* Exercise:
Starting at the line with "Urbanistics institute in", return every line through the final one of the data, word for word. Pictures stay out.

* Recorded data:
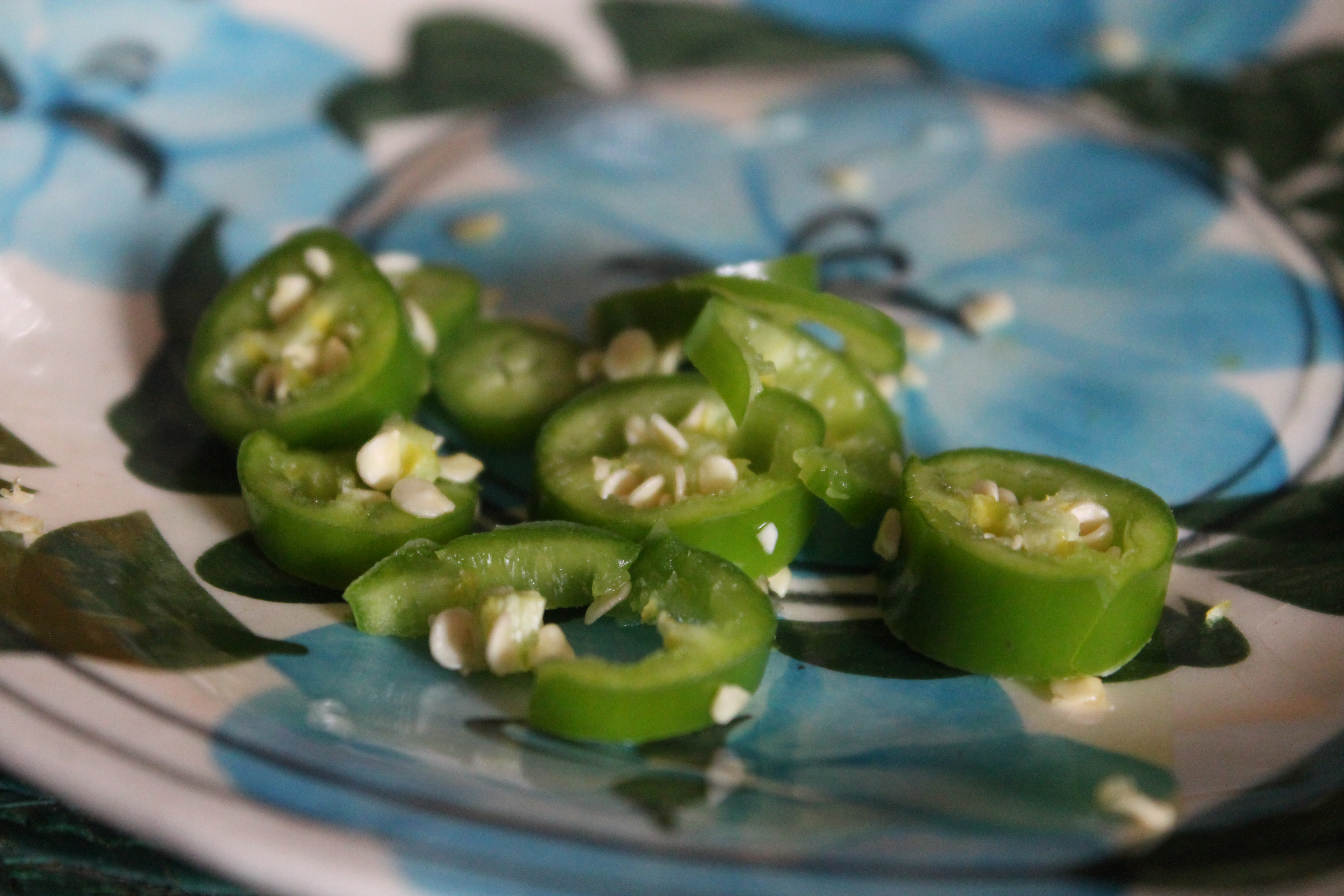 Slices of fresh jalapeño (Capsicum annuum)
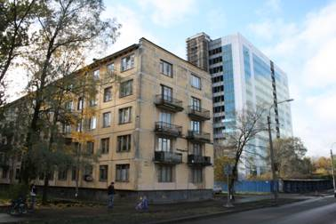 Urbanistics institute in Saint Petersburg, Russia.
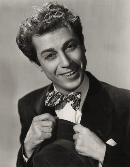 Vito Scotti in Life with Luigi TV series, The Dance episode - publicity still (cropped : see source)
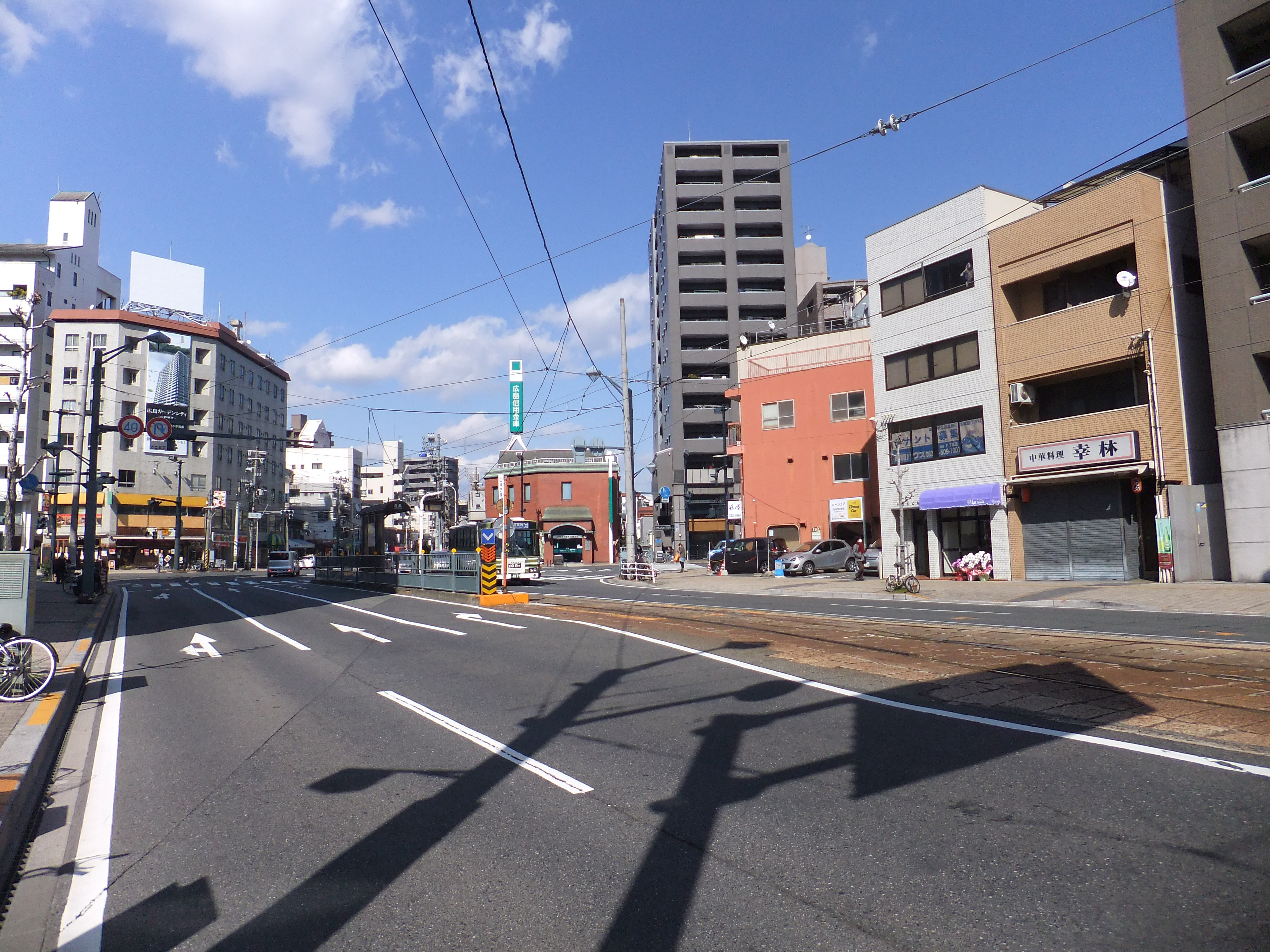 Hiroshima Electric Railway Hakushima Tram Stop

* Task solution:
 Urbanistics institute in Saint Petersburg, Russia.
 Vito Scotti in Life with Luigi TV series, The Dance episode - publicity still (cropped : see source)
 Hiroshima Electric Railway Hakushima Tram Stop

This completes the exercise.